__RECORD SET__.
--

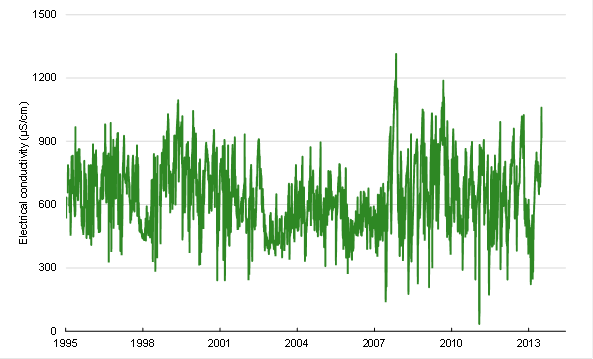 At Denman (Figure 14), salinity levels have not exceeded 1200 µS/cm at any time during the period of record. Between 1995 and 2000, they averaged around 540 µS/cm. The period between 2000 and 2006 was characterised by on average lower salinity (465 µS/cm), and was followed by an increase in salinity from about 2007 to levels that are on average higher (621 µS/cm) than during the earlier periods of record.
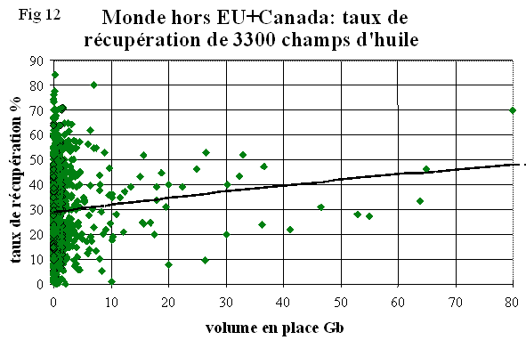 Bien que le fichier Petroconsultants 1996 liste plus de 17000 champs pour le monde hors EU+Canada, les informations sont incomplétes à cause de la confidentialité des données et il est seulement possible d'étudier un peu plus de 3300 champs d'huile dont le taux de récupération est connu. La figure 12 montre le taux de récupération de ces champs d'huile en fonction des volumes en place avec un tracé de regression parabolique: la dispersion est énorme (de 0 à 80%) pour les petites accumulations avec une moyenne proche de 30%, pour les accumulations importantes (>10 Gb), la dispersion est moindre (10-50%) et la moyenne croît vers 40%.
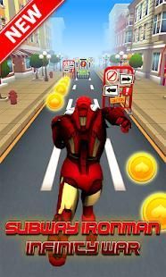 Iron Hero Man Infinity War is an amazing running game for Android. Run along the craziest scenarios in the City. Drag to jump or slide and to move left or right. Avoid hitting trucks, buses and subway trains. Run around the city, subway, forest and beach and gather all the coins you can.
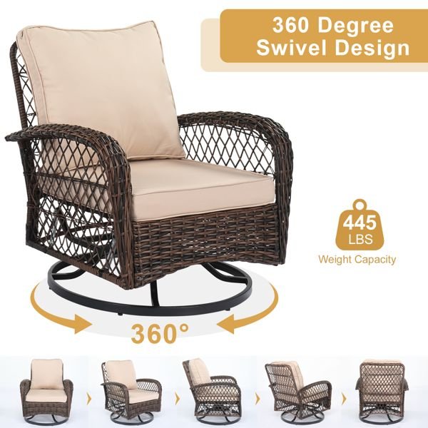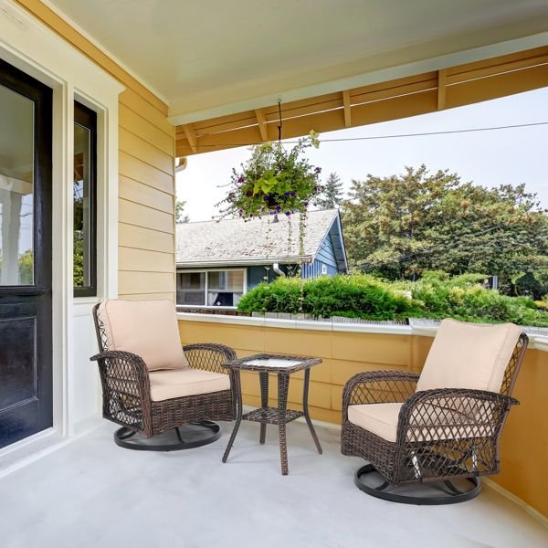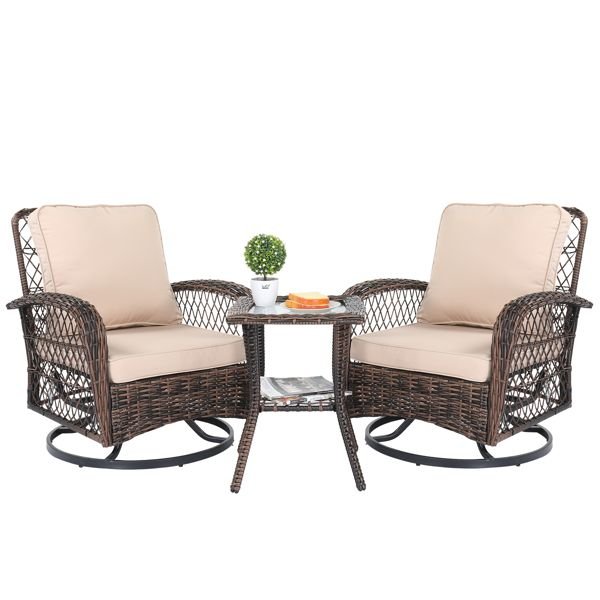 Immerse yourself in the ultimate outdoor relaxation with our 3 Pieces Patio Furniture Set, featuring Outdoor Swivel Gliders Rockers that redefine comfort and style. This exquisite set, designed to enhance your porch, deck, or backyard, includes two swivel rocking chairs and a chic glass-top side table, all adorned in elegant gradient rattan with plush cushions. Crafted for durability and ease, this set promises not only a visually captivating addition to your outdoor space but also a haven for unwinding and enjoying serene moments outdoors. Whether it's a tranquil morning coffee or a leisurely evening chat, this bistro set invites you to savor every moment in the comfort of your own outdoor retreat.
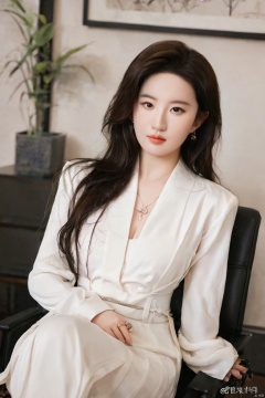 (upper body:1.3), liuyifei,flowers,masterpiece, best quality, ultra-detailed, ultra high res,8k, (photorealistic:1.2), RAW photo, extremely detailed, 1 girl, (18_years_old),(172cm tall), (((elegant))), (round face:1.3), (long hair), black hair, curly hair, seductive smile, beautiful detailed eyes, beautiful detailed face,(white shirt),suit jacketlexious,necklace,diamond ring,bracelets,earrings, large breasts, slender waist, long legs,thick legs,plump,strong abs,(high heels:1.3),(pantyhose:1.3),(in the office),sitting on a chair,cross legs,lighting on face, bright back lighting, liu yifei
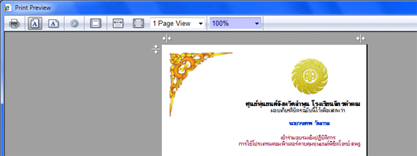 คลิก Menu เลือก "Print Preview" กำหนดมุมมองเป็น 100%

--

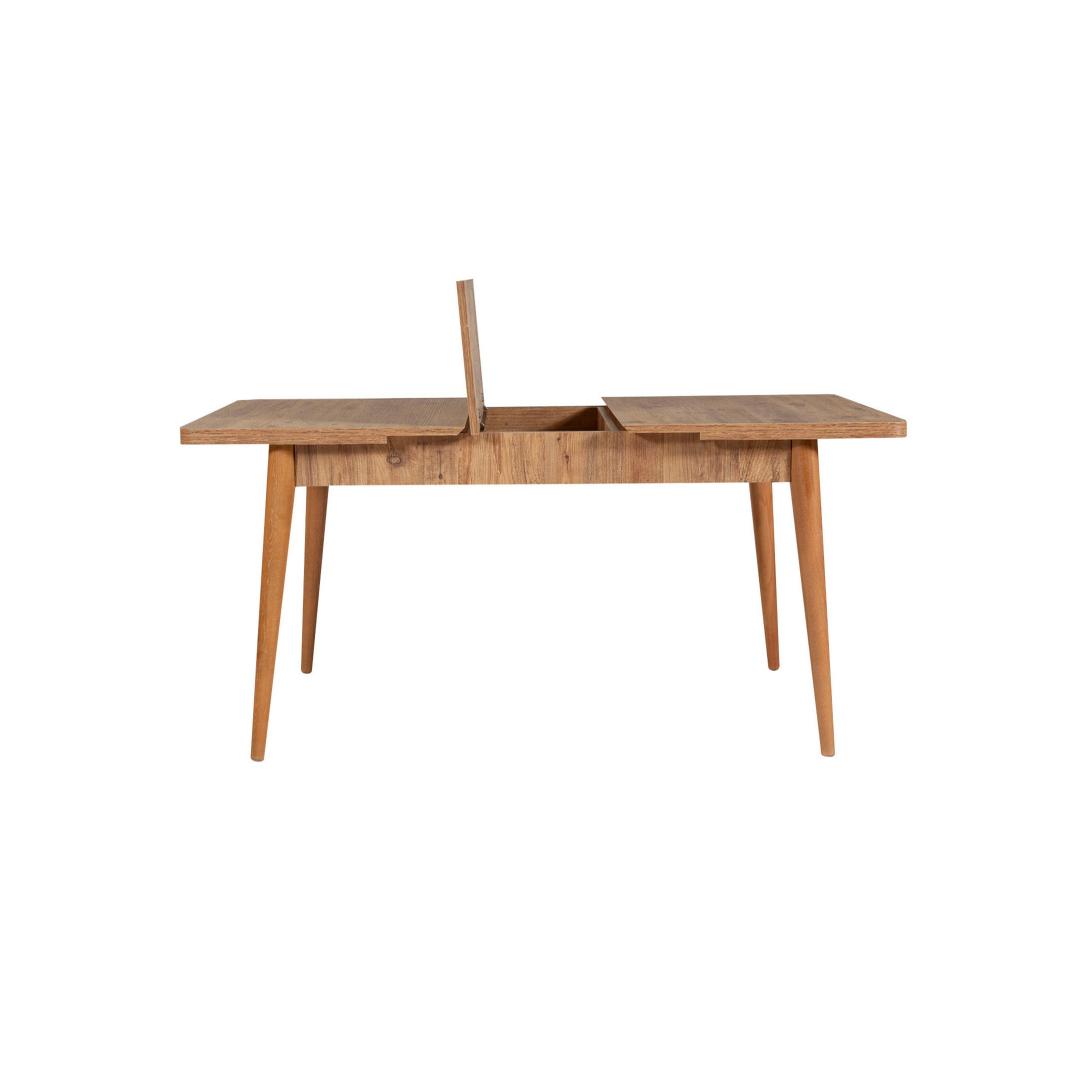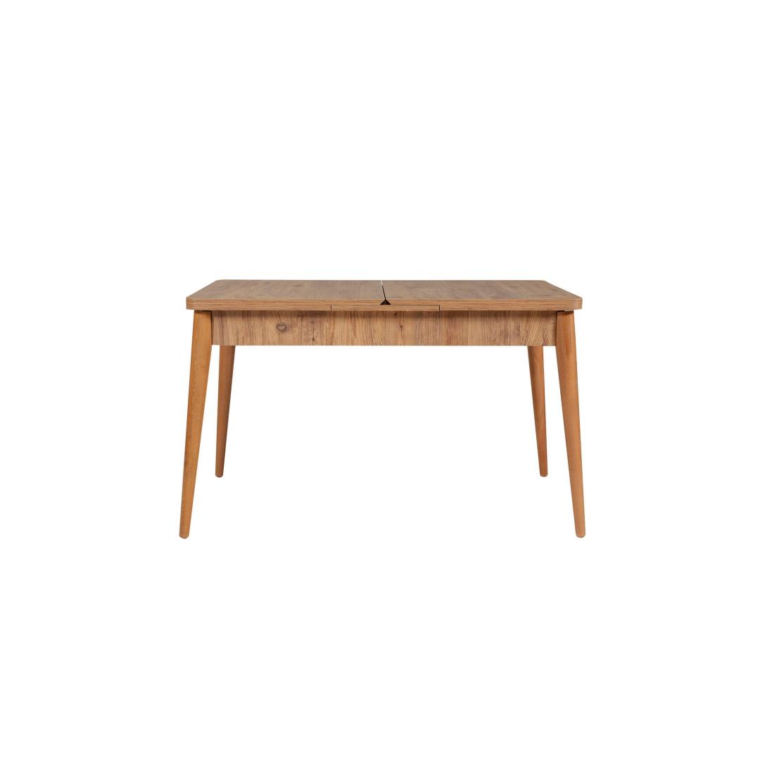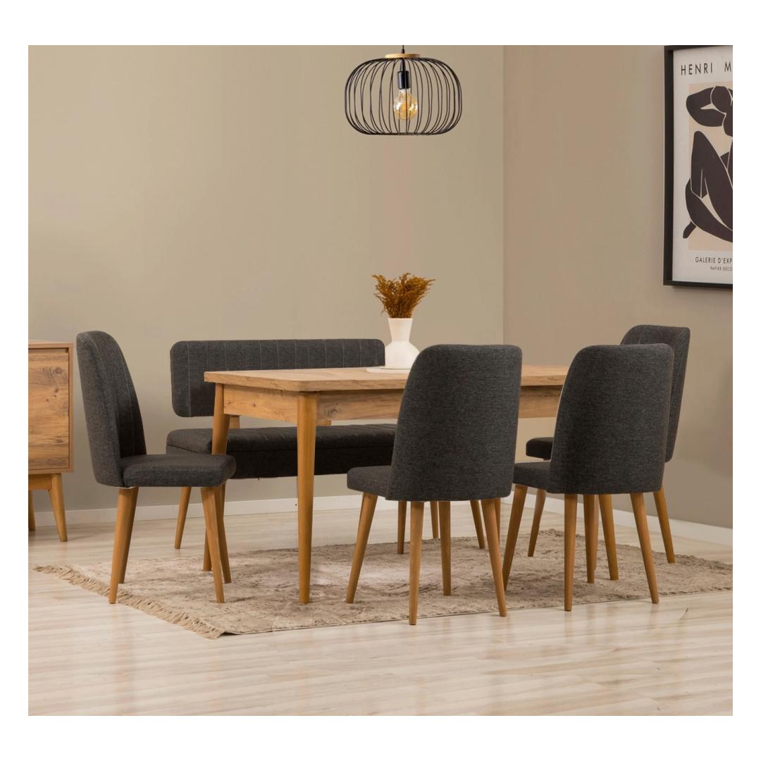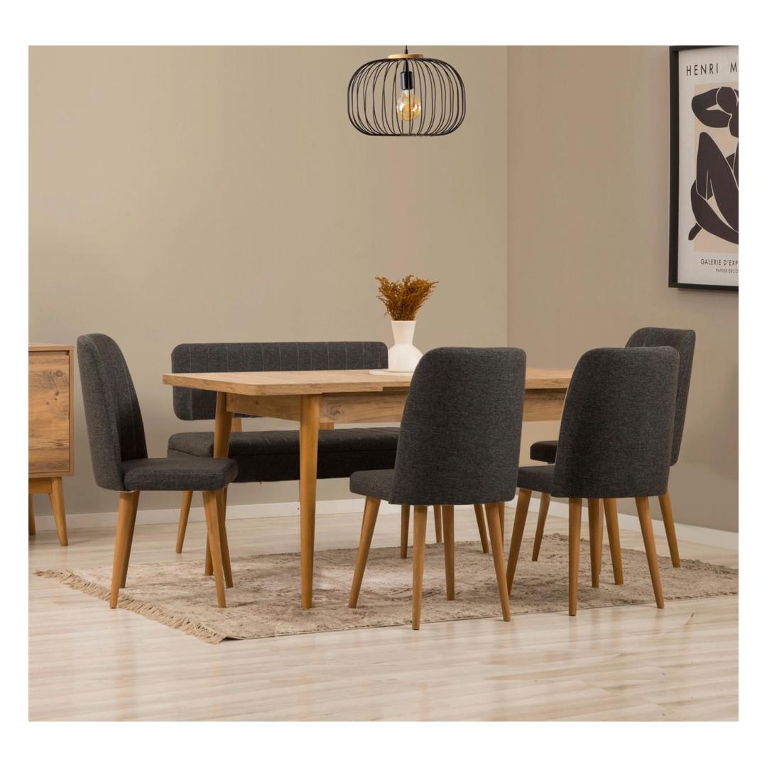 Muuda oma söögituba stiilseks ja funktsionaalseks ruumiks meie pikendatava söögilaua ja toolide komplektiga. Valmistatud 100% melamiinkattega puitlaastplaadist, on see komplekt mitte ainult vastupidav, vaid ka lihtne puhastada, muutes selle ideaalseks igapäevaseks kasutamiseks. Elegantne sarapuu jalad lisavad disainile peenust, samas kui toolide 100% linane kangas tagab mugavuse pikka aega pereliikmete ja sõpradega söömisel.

--

__EXERCISE INSTRUCTIONS__.
Exactly reproduce the lines above, starting at the one that contains "(upper body:1.3), liuyifei,flowers,masterpiece, best" and ending at the one that contains "คลิก Menu เลือก", both inclusive; leave the pictures out and add no other lines.

__ANSWER SPACE__.
 (upper body:1.3), liuyifei,flowers,masterpiece, best quality, ultra-detailed, ultra high res,8k, (photorealistic:1.2), RAW photo, extremely detailed, 1 girl, (18_years_old),(172cm tall), (((elegant))), (round face:1.3), (long hair), black hair, curly hair, seductive smile, beautiful detailed eyes, beautiful detailed face,(white shirt),suit jacketlexious,necklace,diamond ring,bracelets,earrings, large breasts, slender waist, long legs,thick legs,plump,strong abs,(high heels:1.3),(pantyhose:1.3),(in the office),sitting on a chair,cross legs,lighting on face, bright back lighting, liu yifei
 คลิก Menu เลือก "Print Preview" กำหนดมุมมองเป็น 100%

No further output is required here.